On compensation, TAC says it recovered the majority of the losses through negotiations with involved parties. To ensure no user bears damage, it will use its foundation treasury to cover any remaining shortfall, guaranteeing full user reimbursement.
TAC also paused the bridge’s sequencer after the TON bridge exploit. The team plans to gradually reactivate it only after external audits and peer reviews.
For traders, this TON bridge exploit has a clear implication: cross-chain bridge verification methods (like code hash checks) can be bypassed by look-alike contracts. While the immediate outcome is positive for users, the incident reinforces ongoing DeFi security risk and the need to watch bridge activity and settlement health closely.
Neutral
This is mixed news for markets. On one hand, the TON bridge exploit ended with TAC recovering most funds and committing to full user compensation via its foundation treasury. That reduces immediate counterparty risk and can limit negative spillover into DeFi users’ sentiment.
On the other hand, the technical details show a structural vulnerability in cross-chain bridge verification—code hash checks were not enough against look-alike contracts. Similar bridge failures in past cycles (where assets were issued without proper collateral, then laundered through interoperability) often trigger short-term risk-off behavior for bridge tokens, higher scrutiny from auditors, and temporarily lower capital allocation to cross-chain projects.

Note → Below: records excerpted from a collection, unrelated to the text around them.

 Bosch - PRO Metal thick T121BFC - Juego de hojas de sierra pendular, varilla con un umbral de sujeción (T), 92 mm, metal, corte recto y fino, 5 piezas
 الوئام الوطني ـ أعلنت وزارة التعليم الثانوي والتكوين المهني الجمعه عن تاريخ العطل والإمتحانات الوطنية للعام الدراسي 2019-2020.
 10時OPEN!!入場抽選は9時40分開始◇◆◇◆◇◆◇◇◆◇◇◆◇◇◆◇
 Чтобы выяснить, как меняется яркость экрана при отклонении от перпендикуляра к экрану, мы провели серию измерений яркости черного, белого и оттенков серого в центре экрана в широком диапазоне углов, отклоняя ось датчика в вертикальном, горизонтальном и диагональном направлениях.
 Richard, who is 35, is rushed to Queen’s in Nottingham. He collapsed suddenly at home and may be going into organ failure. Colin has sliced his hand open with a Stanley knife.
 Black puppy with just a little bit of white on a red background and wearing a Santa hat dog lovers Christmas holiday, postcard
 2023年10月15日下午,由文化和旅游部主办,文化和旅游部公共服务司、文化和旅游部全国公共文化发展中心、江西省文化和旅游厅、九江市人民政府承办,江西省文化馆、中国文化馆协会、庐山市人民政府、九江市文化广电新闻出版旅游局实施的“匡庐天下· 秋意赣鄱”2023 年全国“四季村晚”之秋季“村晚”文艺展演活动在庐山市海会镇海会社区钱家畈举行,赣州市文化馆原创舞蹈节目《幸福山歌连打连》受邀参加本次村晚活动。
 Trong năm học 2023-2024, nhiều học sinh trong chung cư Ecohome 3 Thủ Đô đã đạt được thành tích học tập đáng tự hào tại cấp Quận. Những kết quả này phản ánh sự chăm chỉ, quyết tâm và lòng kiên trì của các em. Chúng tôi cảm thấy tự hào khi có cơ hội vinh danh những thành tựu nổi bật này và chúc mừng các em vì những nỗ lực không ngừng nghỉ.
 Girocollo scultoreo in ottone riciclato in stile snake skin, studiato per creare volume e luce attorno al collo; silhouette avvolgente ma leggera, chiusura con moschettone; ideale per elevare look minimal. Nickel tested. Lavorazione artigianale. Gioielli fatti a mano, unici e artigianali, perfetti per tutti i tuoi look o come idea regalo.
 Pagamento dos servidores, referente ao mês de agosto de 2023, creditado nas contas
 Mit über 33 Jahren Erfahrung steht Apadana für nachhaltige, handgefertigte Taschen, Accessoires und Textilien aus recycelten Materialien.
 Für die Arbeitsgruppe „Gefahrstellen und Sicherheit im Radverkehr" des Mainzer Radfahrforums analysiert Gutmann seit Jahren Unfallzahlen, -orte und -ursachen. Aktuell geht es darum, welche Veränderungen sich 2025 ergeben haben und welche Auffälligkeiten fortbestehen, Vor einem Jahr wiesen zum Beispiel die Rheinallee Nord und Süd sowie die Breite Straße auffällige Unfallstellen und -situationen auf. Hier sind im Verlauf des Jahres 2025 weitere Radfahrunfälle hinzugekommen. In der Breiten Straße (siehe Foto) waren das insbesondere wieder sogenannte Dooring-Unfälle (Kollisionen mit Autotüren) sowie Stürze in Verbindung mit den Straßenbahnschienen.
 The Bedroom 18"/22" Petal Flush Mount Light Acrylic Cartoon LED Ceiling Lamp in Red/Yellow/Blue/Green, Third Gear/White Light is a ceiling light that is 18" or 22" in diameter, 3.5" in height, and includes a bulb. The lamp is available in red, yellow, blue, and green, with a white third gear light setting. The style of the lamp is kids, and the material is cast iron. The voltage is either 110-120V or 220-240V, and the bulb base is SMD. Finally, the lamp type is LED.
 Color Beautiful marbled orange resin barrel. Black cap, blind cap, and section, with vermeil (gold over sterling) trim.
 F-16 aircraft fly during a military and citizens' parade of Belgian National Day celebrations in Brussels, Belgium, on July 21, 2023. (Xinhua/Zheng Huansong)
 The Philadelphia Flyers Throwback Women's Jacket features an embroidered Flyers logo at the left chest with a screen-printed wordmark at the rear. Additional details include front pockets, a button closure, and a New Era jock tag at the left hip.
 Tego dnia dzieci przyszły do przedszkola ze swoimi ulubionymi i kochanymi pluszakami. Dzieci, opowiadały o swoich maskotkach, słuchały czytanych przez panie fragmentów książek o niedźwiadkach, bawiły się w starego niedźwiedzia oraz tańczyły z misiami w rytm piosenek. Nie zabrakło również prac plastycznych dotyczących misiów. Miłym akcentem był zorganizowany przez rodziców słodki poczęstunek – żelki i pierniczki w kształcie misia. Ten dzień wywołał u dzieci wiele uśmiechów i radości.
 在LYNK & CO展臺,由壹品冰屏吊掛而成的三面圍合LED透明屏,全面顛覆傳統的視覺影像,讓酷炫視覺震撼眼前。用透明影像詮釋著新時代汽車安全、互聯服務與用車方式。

In the short term, traders may watch for any residual “bridge downtime” effects and renewed protocol announcements around audits. In the long term, if TAC’s external reviews and sequencer reactivation restore confidence, the market impact could fade. Overall, because the outcome is user-protective but the exploit highlights ongoing systemic bridge risk, the expected market impact is neutral rather than bullish or bearish.